**ACTIVITY:** Return only the lines below starting at the line containing "Im 1. Stock" and ending at the line containing "The cations’ nature", both included, exactly as they are and with no pictures.

RECORDS SUPPLIED section start

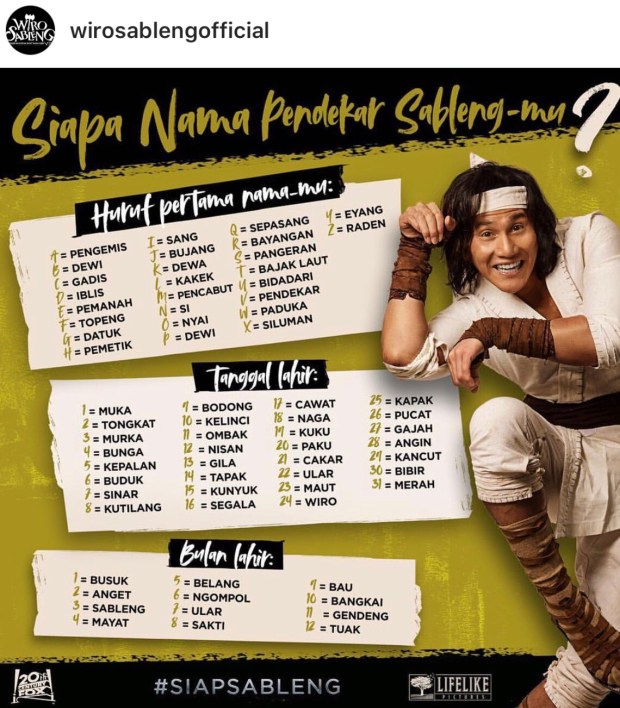 Saya senang sekali hadir di acara prescon official teaser Wiro Sableng kemarin. Selain ketemu cast-cast cakep dan ganteng serta orang-orang brilian di balik layar fim ini, saya juga jadi punya nama pendekar. Nggak mau kalah sama Dewa Tuak dan Bidadari Angin Timur dong. Hihihi. Cara tahu nama pendekarnya seperti ini:
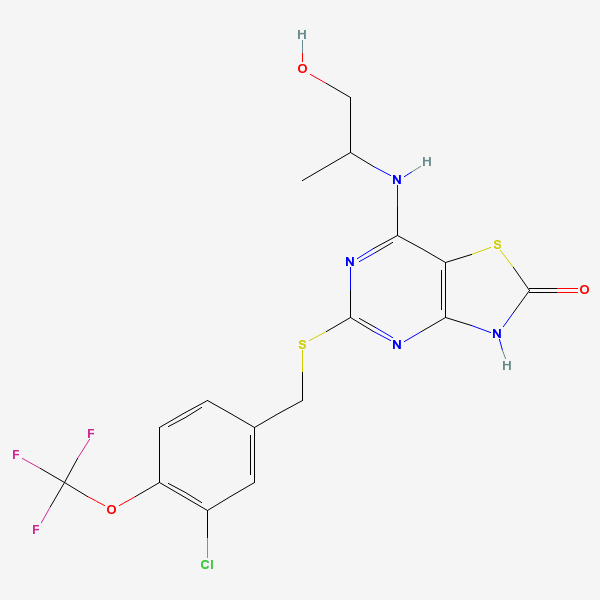 4-[[3-chloro-4-(trifluoromethoxy)phenyl]methylsulfanyl]-2-(1-hydroxypropan-2-ylamino)-9-thia-3,5,7-triazabicyclo[4.3.0]nona-2,4,10-trien-8-one
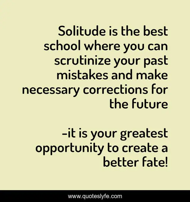 This page presents the quote "Solitude is the best school where you can scrutinize your past mistakes and make necessary corrections for the future". Author of this quote is it is your greatest opportunity to create a better fate!. .
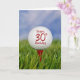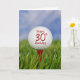 Close up of a white golf ball on a red tee in grass with sky background for 30th birthday.
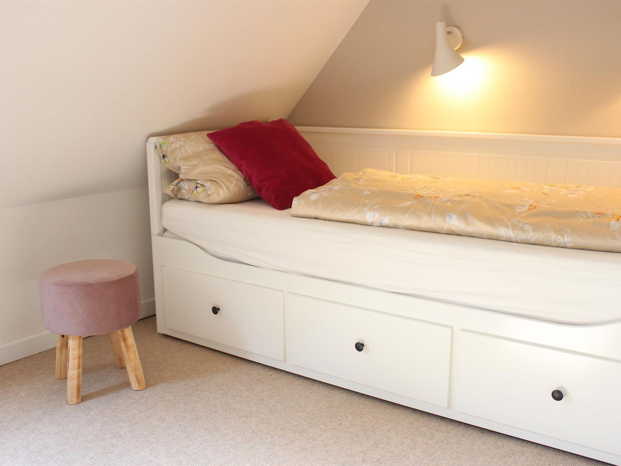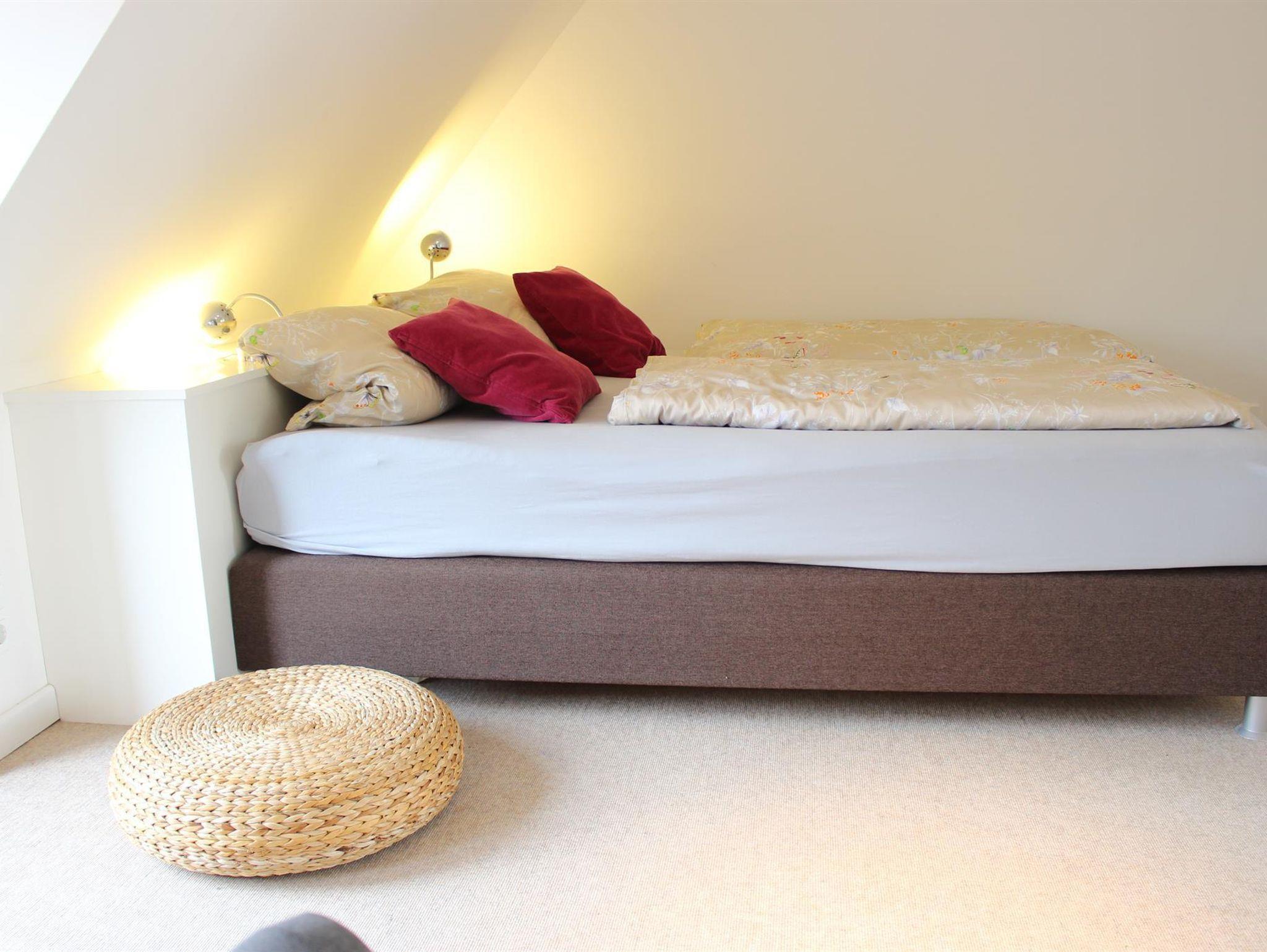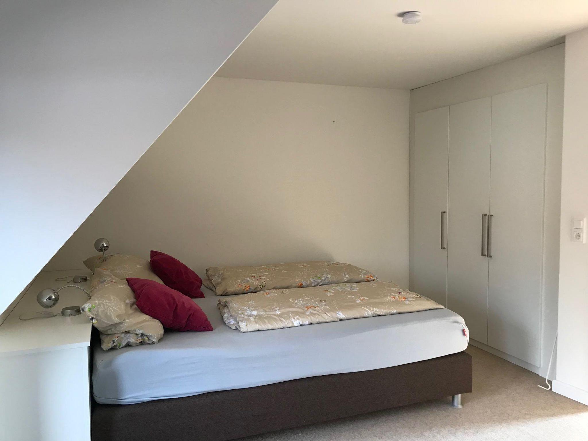 Im 1. Stock trennt das Badezimmer die beiden Schlafzimmer. Das grosszügige Elternschlafzimmer hat einen Balkon, ein Boxspringbett 180x210cm und verfügt über eine bequeme Leseecke mit Ohrensessel und Schreibtisch. Das Kinderschlafzimmer ist mit einem Einzelbett in der Niesche sowie einem ausziehbaren Hemnesbett (80/160x200cm) ausgestattet.
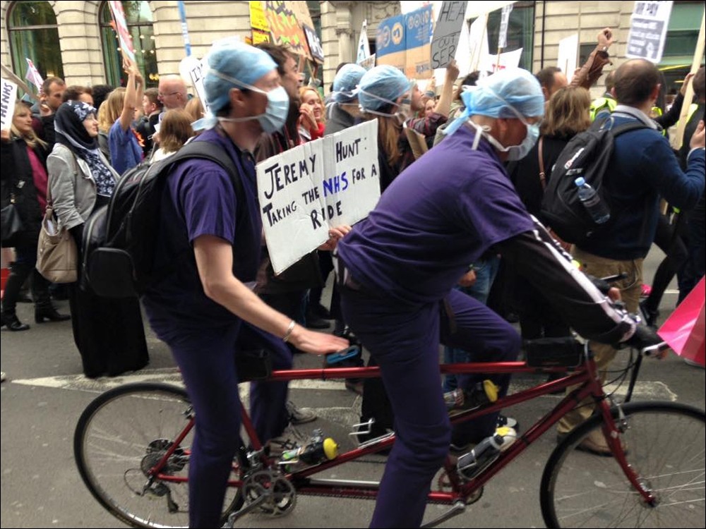 Loud cheers went up for every speaker at the rally who called for defence of the NHS. Thousands on the march chanted "Hunt must go", "NHS! NHS!" - and "BMA! BMA!" The BMA, traditionally a very conservative body, is now seen as an organisation that will fight for the NHS and its workers.
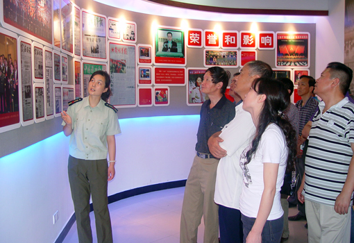 圖為:參加活動(dòng)人員參觀史料陳列室,聽取“二妹子”民兵班第14任班長陳金萍的現(xiàn)場講解。
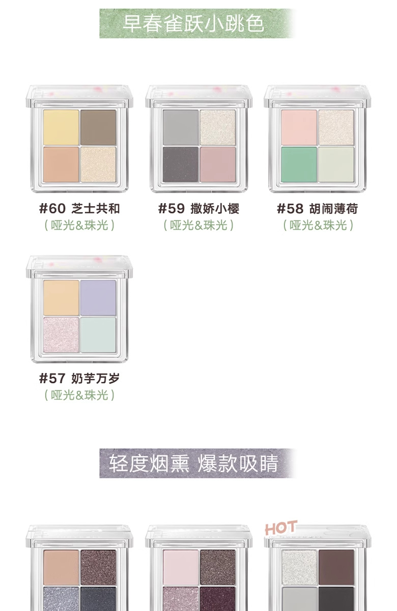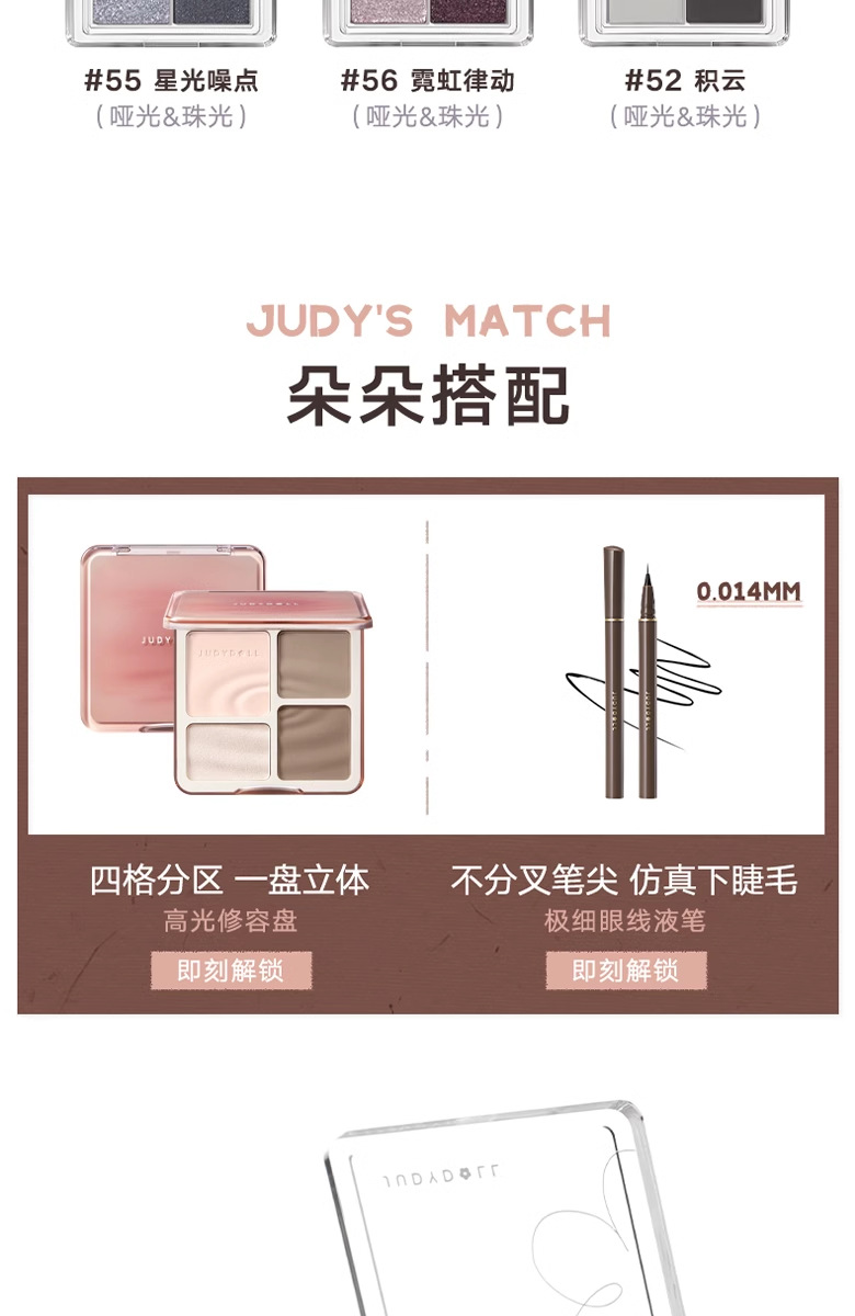 Bảng Phấn mắt bốn màu màu Judydoll màu cam trang điểm nhẹ hàng ngày màu đất phấn bóng cao tươi sáng đĩa nhiều màu ngọc trai mờ
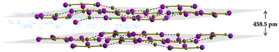 The cations’ nature affects the distance between two adjacent anionic layers as well; specifically, the larger the cation is, i.e., the more it protrudes out of the hexagons, the greater the interlayer separation becomes [34]. The distance between the two adjacent layers is 437.0(1) pm in 3c and is slightly greater in 3d (458.5(1) pm). This trend has also been observed between 3a and 3b (interlayer separations are 452.9 and 460.1 pm, respectively) and is probably due to the fact that a phosphonium cation is larger than the corresponding ammonium cation. The interlayer separations in 3c,d are smaller than the separation of the two supramolecular anionic nets in the co-crystal formed by the triiodobenzene derivative 1 with tetra-n-propylammonium iodide (554.9 pm), the largest tetraalkylammonium iodide that affords a honeycomb net upon self-assembly with 1.
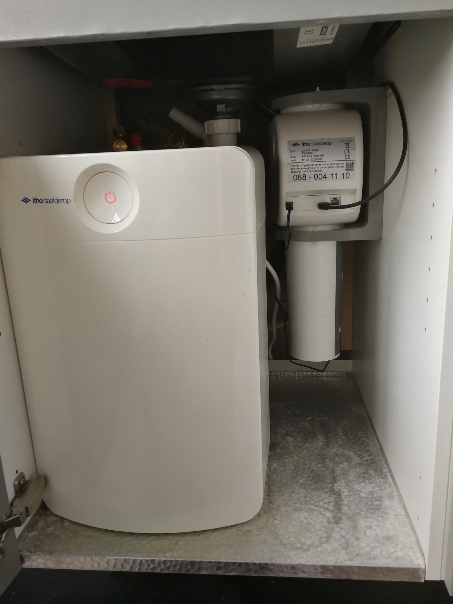 Je hebt vier functies bij deze kraan: heet, koud, kokend en gefilterd. De bediening gaat heel natuurlijk: koud en warm aan 1 kant, kokend en gefilterd aan de andere kant. Bij de installatie werd gevraagd aan welke kant (links of rechts) ik koud en warm wilde en aan welke kant kokend en gefilterd. Dit kun je bij de installatie dus zelf bepalen, wat ik wel handig vind. Ik heb gekozen voor links het kokende gedeelte. Er zijn een paar vaste hoeveelheden die de kraan geeft. Bijvoorbeeld: bij 2 keer drukken op de ledknop krijg je ongeveer 1,2 liter water (kokend of gefilterd), bij 3 keer drukken ongeveer 2 liter. Loopt de kraan en druk je nog een keertje op de knop, dan stopt hij. Dus je hoeft niet te wachten tot hij klaar is met die hoeveelheid.
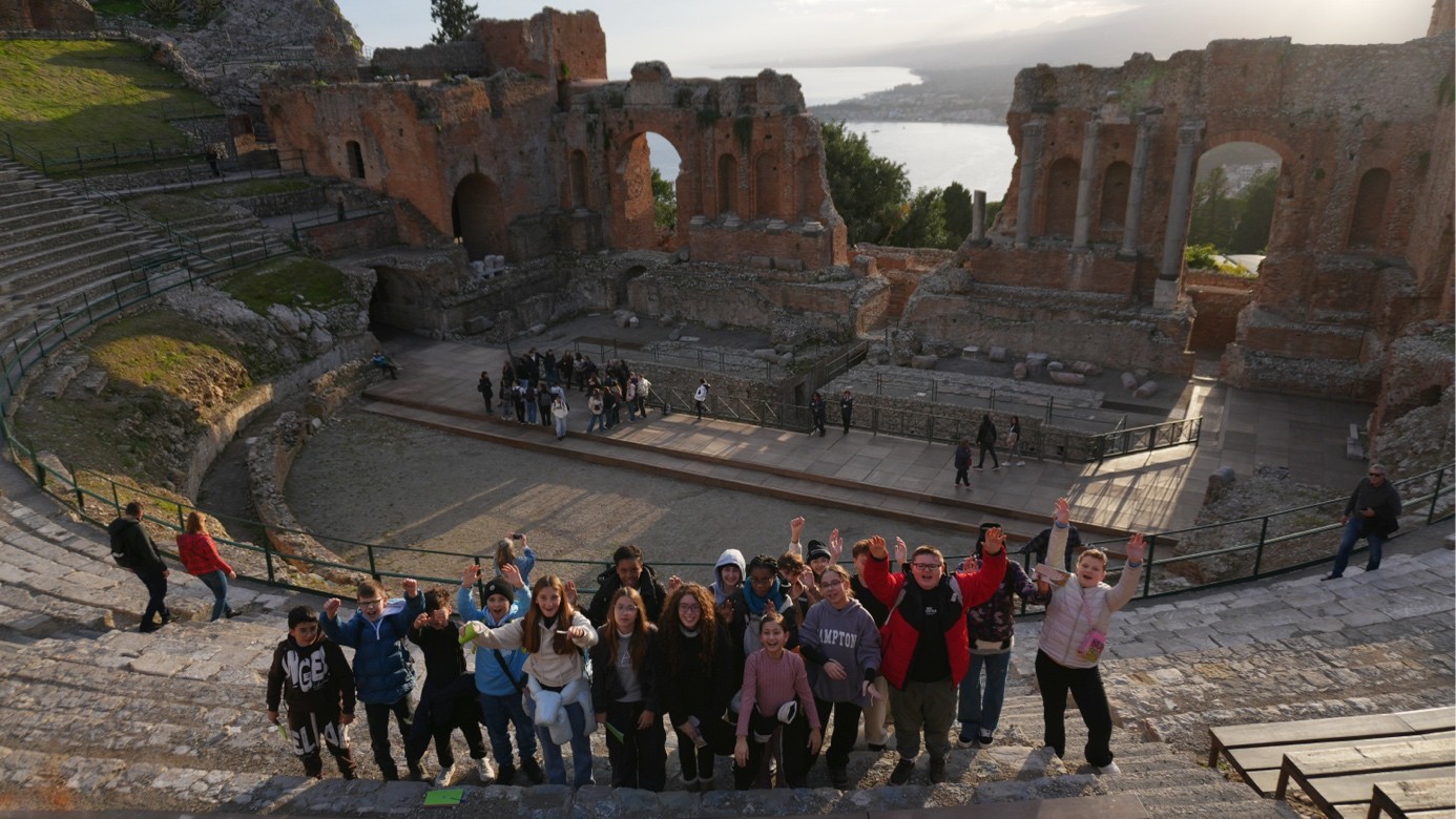 Am Mittwoch reisten wir mit den italienischen Schüler*innen zu einem der wichtigsten Wahrzeichen Siziliens, dem Ätna. Während einer geführten Wanderung erhielten wir viele spannende Informationen zur Geschichte des Ätna sowie zum Thema Vulkane. Auch hier wuchsen viele Schülerinnen und Schüler über sich hinaus und wurden mit einem tollen Ausblick über Sizilien belohnt. Im Anschluss erfolgte eine Besichtigung der wunderschönen Stadt Taormina, die mit einer Schnitzeljagd verbunden war. Hier besuchten wir unter anderem das antike Theater sowie die Piazza IX Aprile.
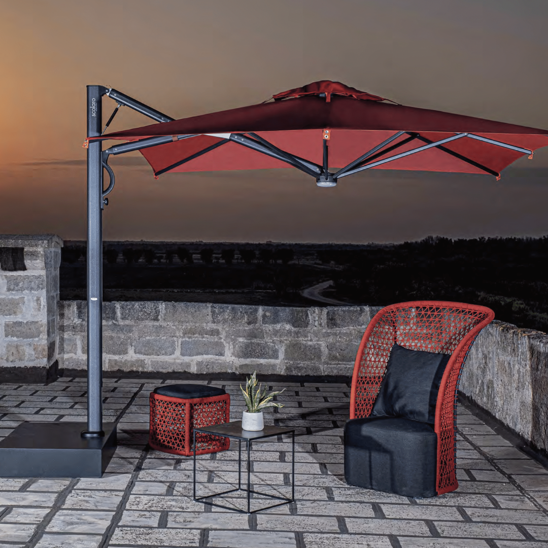 Η ομπρέλα ASTRO CARBON συνδυάζει την καινοτομία με τη διαχρονική κομψότητα. ​​Διαθέτει σύστημα ανοίγματος και κλεισίματος με αμορτισέρ αερίου που το καθιστά εύκολο στη χρήση, ακόμη και όταν τοποθετείται πάνω από τραπέζια και καρέκλες χωρίς να χρειάζεται να μετακινήσετε έπιπλα.

RECORDS SUPPLIED section end

**RESPONSE TO THE TASK:**
 Im 1. Stock trennt das Badezimmer die beiden Schlafzimmer. Das grosszügige Elternschlafzimmer hat einen Balkon, ein Boxspringbett 180x210cm und verfügt über eine bequeme Leseecke mit Ohrensessel und Schreibtisch. Das Kinderschlafzimmer ist mit einem Einzelbett in der Niesche sowie einem ausziehbaren Hemnesbett (80/160x200cm) ausgestattet.
 Loud cheers went up for every speaker at the rally who called for defence of the NHS. Thousands on the march chanted "Hunt must go", "NHS! NHS!" - and "BMA! BMA!" The BMA, traditionally a very conservative body, is now seen as an organisation that will fight for the NHS and its workers.
 圖為:參加活動(dòng)人員參觀史料陳列室,聽取“二妹子”民兵班第14任班長陳金萍的現(xiàn)場講解。
 Bảng Phấn mắt bốn màu màu Judydoll màu cam trang điểm nhẹ hàng ngày màu đất phấn bóng cao tươi sáng đĩa nhiều màu ngọc trai mờ
 The cations’ nature affects the distance between two adjacent anionic layers as well; specifically, the larger the cation is, i.e., the more it protrudes out of the hexagons, the greater the interlayer separation becomes [34]. The distance between the two adjacent layers is 437.0(1) pm in 3c and is slightly greater in 3d (458.5(1) pm). This trend has also been observed between 3a and 3b (interlayer separations are 452.9 and 460.1 pm, respectively) and is probably due to the fact that a phosphonium cation is larger than the corresponding ammonium cation. The interlayer separations in 3c,d are smaller than the separation of the two supramolecular anionic nets in the co-crystal formed by the triiodobenzene derivative 1 with tetra-n-propylammonium iodide (554.9 pm), the largest tetraalkylammonium iodide that affords a honeycomb net upon self-assembly with 1.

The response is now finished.